In Jan. of 1945, the Soviet Union began to liberate concentration camps and were nearing Auschwitz, so the Nazi forces ordered that the camp be abandoned. They had the sickly and starving prisoners march to nearby towns, where they would be sent to camps in Germany. Many people died on the way, but Felix survived the three month journey, and later his concentration camp was liberated by the Russians and Americans. Afterwards, he was brought to the United States in 1947, where he met Nixdorf’s birth mother, Shirley Vintinner.

“[Shirley] grew up in… a very abusive home. Her father was a man named Maureece Fey, and Maureece was an alcoholic who beat up his wife and children. She wanted to get out of the house, so she married her high school sweetheart, a man named Carl Vintinner. He’s not my father, he’s [my two half-brother’s father] and he left her and his two children when they were 1 and 2,” Nixdorf said.

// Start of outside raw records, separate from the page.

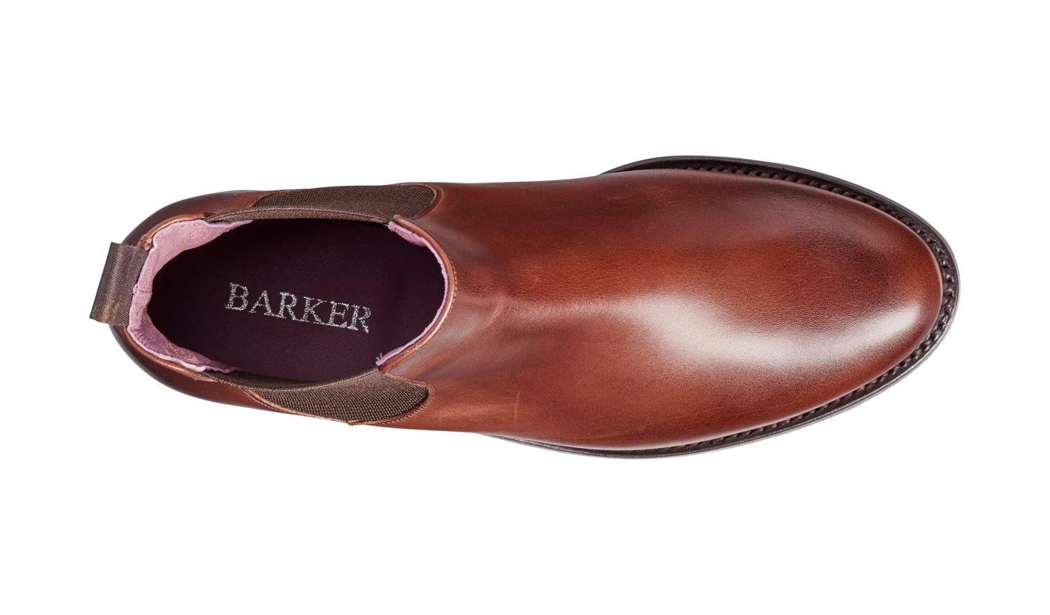 Violet is a stylish Chelsea boot with a colourful twist. Featuring blue or red elastic gussets and a Paisley patterned lining, Violet is available in various options including calf and suede leathers.
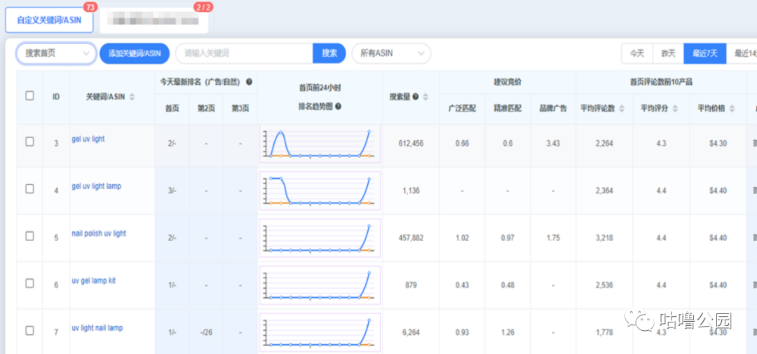 一开始我们添加的67个里面,不断观察排名的数据,同时继续在广告报表里面发现更多更有的词添加到自定义的关键词排名监测当中,为接下来到货后快速打关键词引入排名做准备。
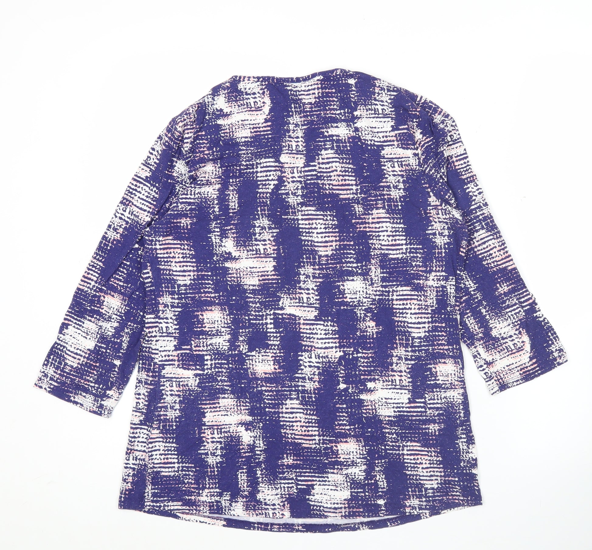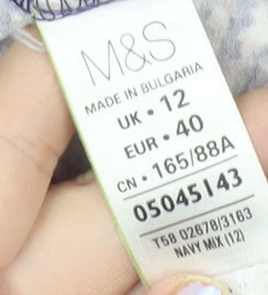 This Marks and Spencer women's blouse is a versatile and stylish piece, perfect for adding a touch of effortless elegance to your wardrobe. Designed in a tunic style, this blouse offers a flattering fit with a comfortable pullover closure that makes it easy to wear. It comes in a striking multicoloured abstract geometric pattern dominated by deep navy tones with lighter contrasting highlights, making it a stand-out piece for casual and smart-casual settings. Tailored from a soft and breathable jersey fabric, this top is made from 96% viscose and 4% elastane, ensuring a lightweight stretch and flexible fit for lasting comfort. The scoop neckline provides a soft feminine touch, while the 3/4 length fitted sleeves strike the perfect balance between style and practicality, making this an excellent transitional wardrobe piece across seasons. Designed as a regular size UK 12, this blouse is ideal for day-to-day wear, whether paired with jeans for casual outings, skirts for workwear, or trousers for relaxed weekend gatherings. The fabric choice and cut provide a relaxed drape while still maintaining structure, ensuring a flattering look. Care is simple with this machine washable piece; its low-maintenance qualities add extra appeal for a busy lifestyle. Suitable for spring, summer, and autumn, this blouse can be styled across occasions, offering flexibility as both a casual essential and a smart workwear option. The gently fitted sleeve design and regular fit cut mean it wears beautifully on its own or layered under jackets and cardigans, creating effortless looks across your wardrobe. Condition is excellent, with no defects, and it has been lightly worn with good care. A high-quality and timeless Marks and Spencer classic, this blouse brings unrivalled durability, comfort, and versatility to your collection, and at this affordable price it offers excellent value. A perfect choice for everyday sophistication with a modern twist.
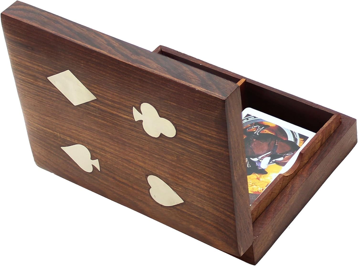 An elegant looking box to keep your playing cards deck. The box is handcrafted in pure seeshum wood, also called sesum in India. The White Metal inlay on the top adds to the beauty of the box. Playing cards are of high quality plastic.You would be proud to open this box and take out the cards while playing with your friends.
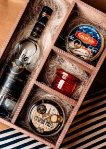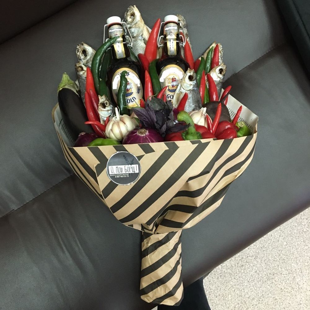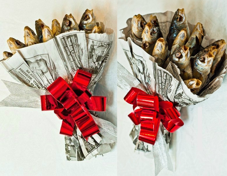 Extraordinary Present for February 23 - small bouquet of salted dried fish. You can wrap this composition of food with a newspaper sheet with a bright red ribbon. You can add a similar gift with a couple of bottles of beer.
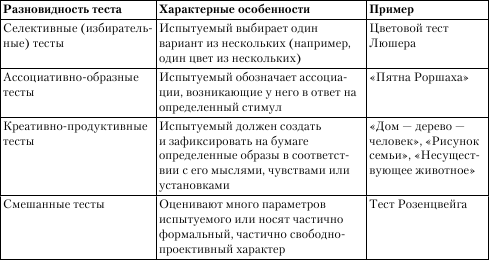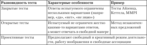 Особенности этих разновидностей тестов отражены в табл. 4.5.
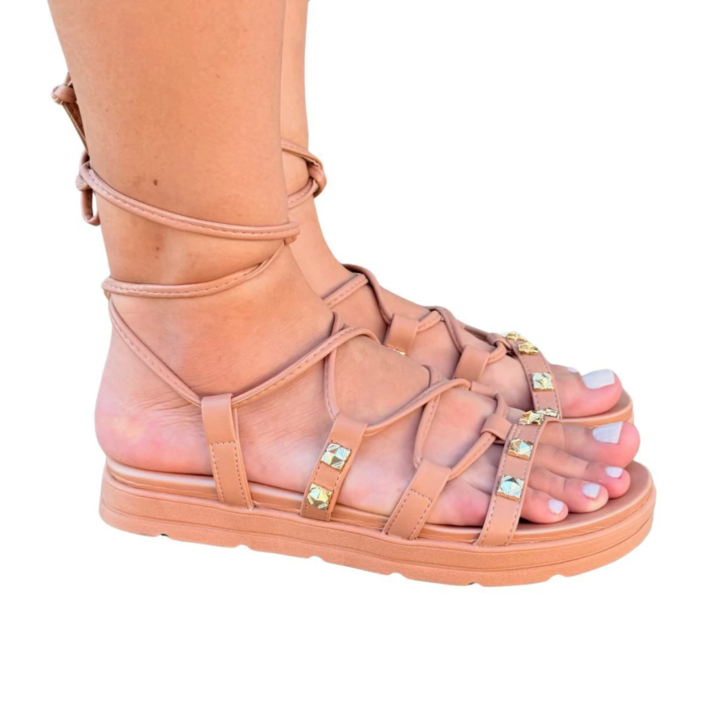 Com um design moderno e amarração ajustável, esta papete proporciona o ajuste perfeito para seus pés, garantindo conforto durante todo o dia. É a escolha perfeita para quem busca uma sandália que una estilo, conforto e um toque de personalidade ao seu visual. Os spikes adicionam um toque de personalidade e atitude à sandália, tornando-a um destaque em seu look, seu estilo versátil combina facilmente com uma variedade de looks, desde shorts e saias até calças jeans, adicionando um toque de descontração e charme ao seu visual.
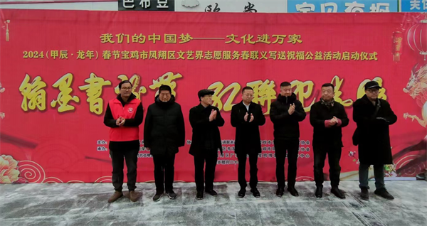 西部決策網(wǎng)訊(記者劉玉 韓宗憲 通訊員 閆芝羽)2月2日,“我們的中國夢·文化進(jìn)萬家”——2024春節(jié)寶雞市鳳翔區(qū)文藝界志愿服務(wù)春聯(lián)義寫送祝福公益活動啟動儀式在區(qū)政府大門西側(cè)廣場舉行,區(qū)委常委、宣傳部部長賈亞斌出席活動啟動儀式。
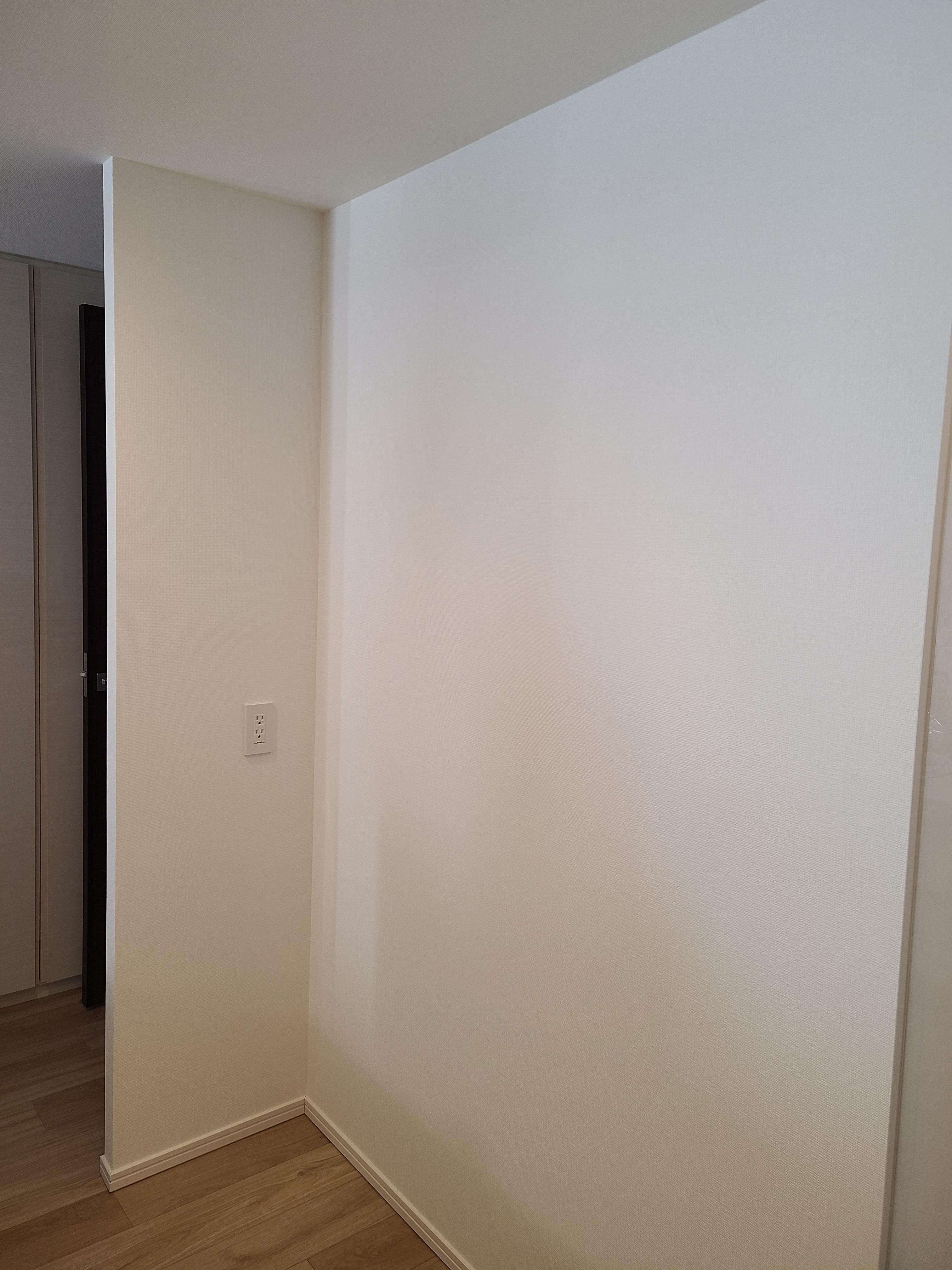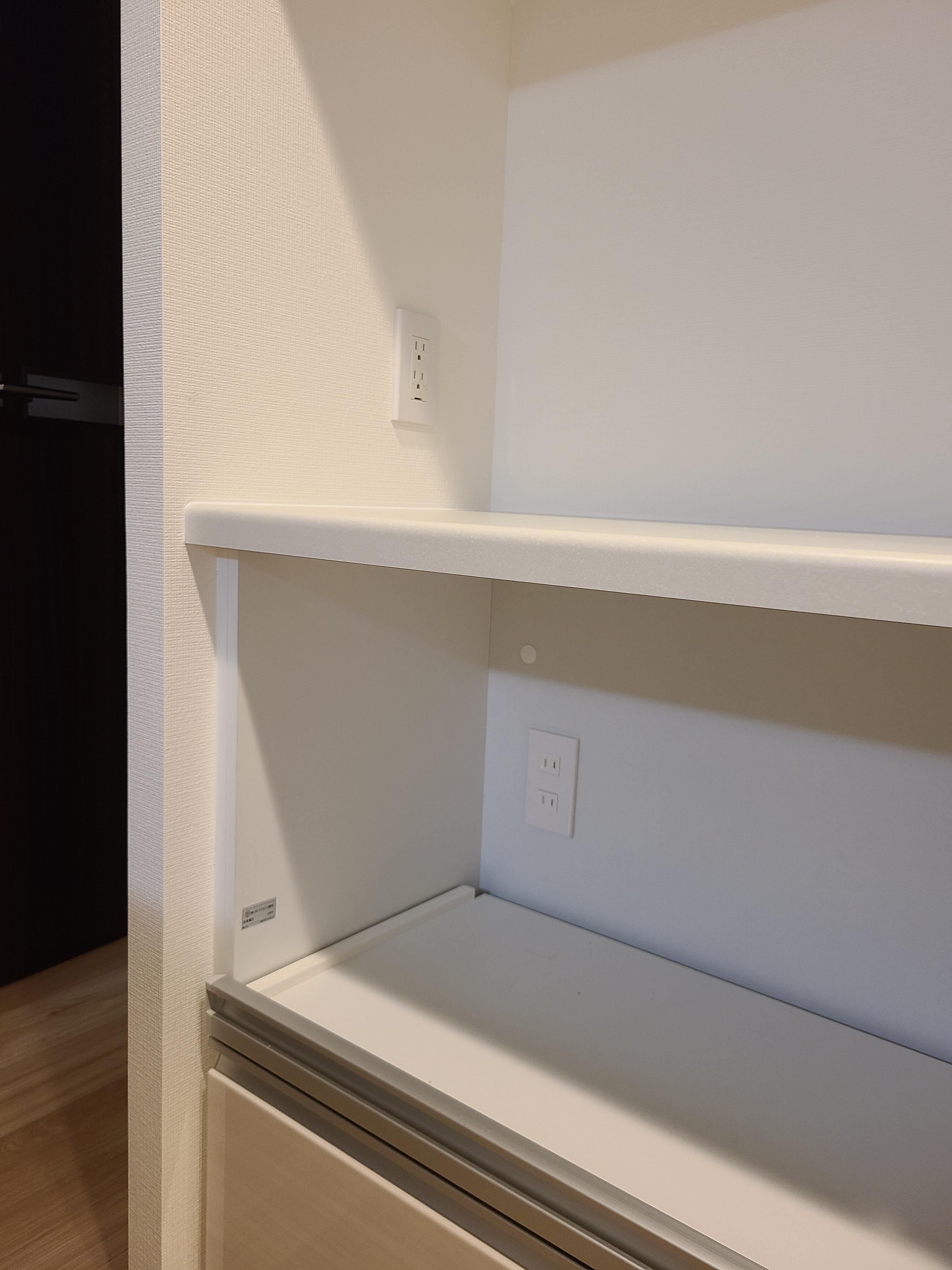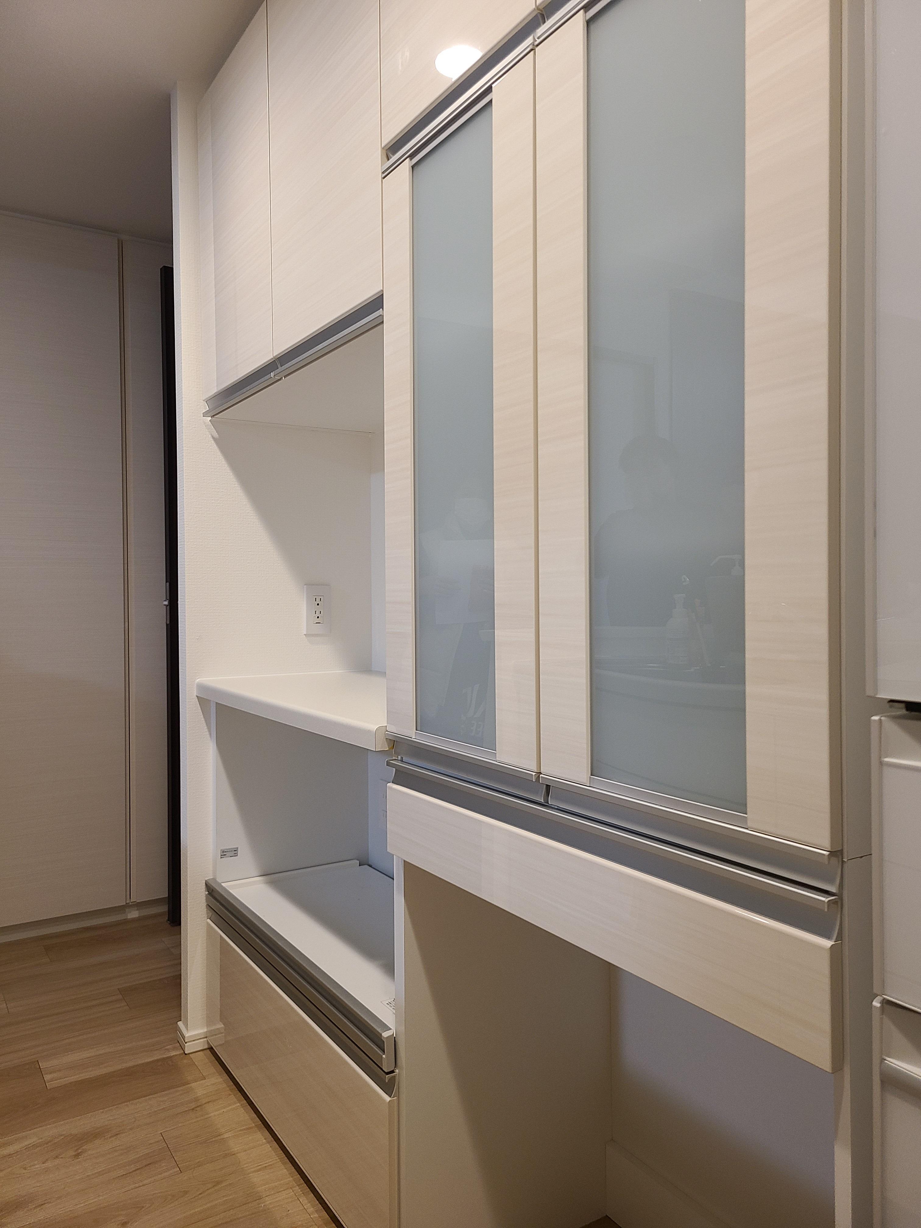 新築マンションでキッチンに収納がなく、カップボードの設置依頼をいただきました!今回は家電の収納スペースに合わせてコンセントも増設いたしました。
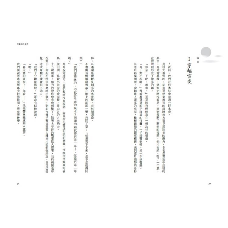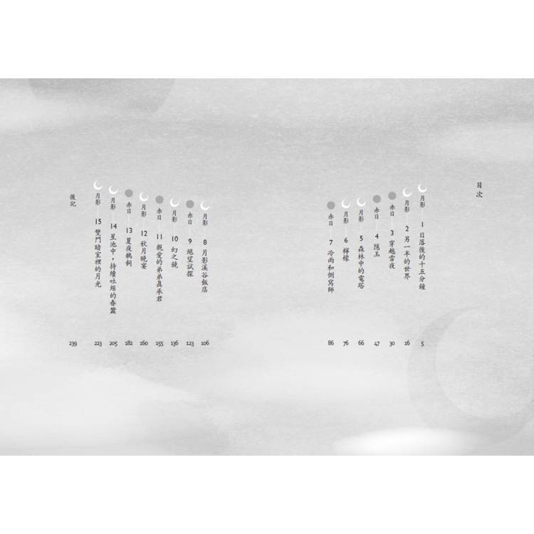融合奇幻、懸疑、冒險與深摯情感的超現實長篇小說。透過〔月影〕、〔赤日〕兩條看似平行卻又隱然交織的敘事軸線,逐步揭露連綿半世紀的祕密。
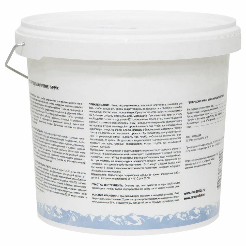10 цен на Монте альба клей для изделий из гипса (4кг) / MONTE ALBA клей для изделий из гипса белый (4кг)
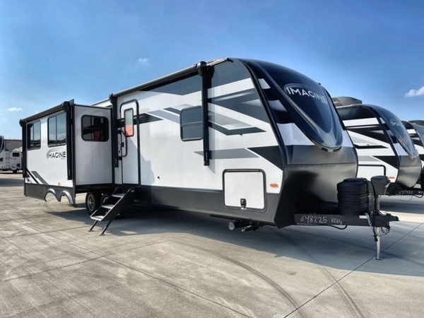 Imagine yourself camping in this Grand Design Imagine travel trailer model 2970RL. This rear living model offers sleeping for four, a convenient kitchen island, and so much more!
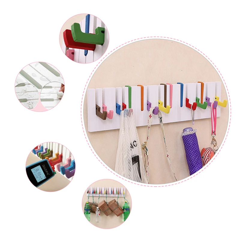 Вешалка для ключей, крючок для хранения, Деревянное пианино, цветное настенное украшение, стойка для пальто и шляпы, самовсасывающая стойка, крючок
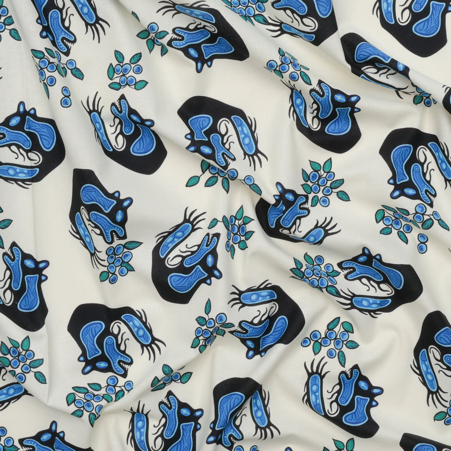 Unveil the stunning new native bear fabric, Blueberry & Bear, designed by the talented Native artist C.J. Houle. This captivating fabric features a striking print showcasing a beautiful bear and intricate blueberry patterns, blending cultural artistry design. Perfect for adding a touch of uniqueness to any project, this fabric collection celebrates heritage and creativity in every detail.
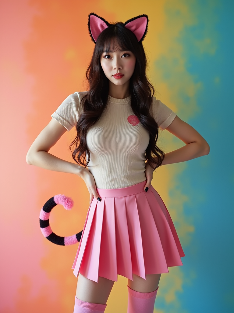 Model in a Catgirl cosplay photoshoot. Cat ears, tail, pleated skirt, thigh-high socks . Bright colorful background.
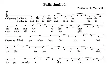 - The complete melody of the Palästinalied, "Nû alrêst lebe ich mir werde" (L14, 38; C 7)
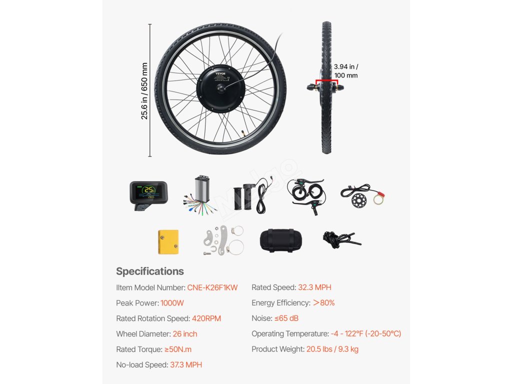 Sada konverze e-biku 1000W 48V 420rpm 26" přední kolo, lcd, pas
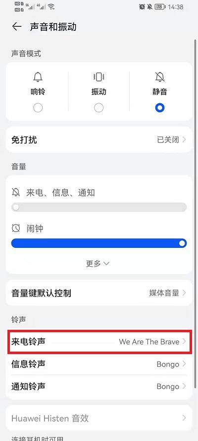 第二步:在其声音功能界面中,可以看到下方有来电铃声功能,点击进入其中;
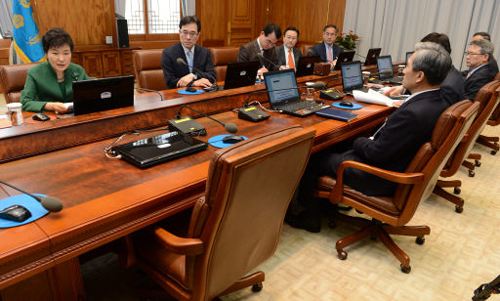 | 비어있는 비서실장 자리 박근혜 대통령이 23일 오전 청와대에서 수석비서관회의를 주재하고 있다. 사의를 표명한 김기춘 비서실장이 회의에 참석하지 않아 박 대통령 맞은편의 비서실장 자리가 비어 있다. 청와대사진기자단 |
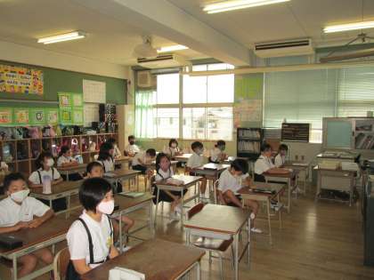 教室では、子どもたちがしっかりと話に耳を傾けていました。

Fearing her abusive father back home, Shirley had no choice but to leave her two sons in an orphanage while she tried to find work. Her two sons stayed at St. Joseph’s Catholic Orphanage for almost five and a half years. The orphanage was disreputable for many cases of abuse and death; some cases of abuse were so severe that they tormented the children for years into their adult lives. Years later, Shirley regained custody of the kids and met Nixdorf’s birth father. Soon, Stephanie Nixdorf was born.

“Being a woman in the 1960s who was faced with bringing another child into the world that she didn’t think she could raise and having to face giving that child up [was very difficult],” Nixdorf said about her own adoption.
This discovery of her past and birth parents has changed the way that Nixdorf looks at her own life; she feels humbled, grateful and now even more curious as to what else her past holds for her. She has only found a few pieces of the puzzle, and there is so much more to uncover.

“I think [my past] has made me more conscious of how every individual has their place in history. I think it also makes me realize that lots of my day to day problems and struggles really aren’t that important,” Nixdorf reflected.

She plans to continue to tell others her story, both at Suncoast and other events, to educate others about the chain of history and every person’s involvement in it. Every day, she gets new notifications from 23andMe that expand her story and her family; although she is unsure what more there is to discover, she knows that it will be a worthwhile search.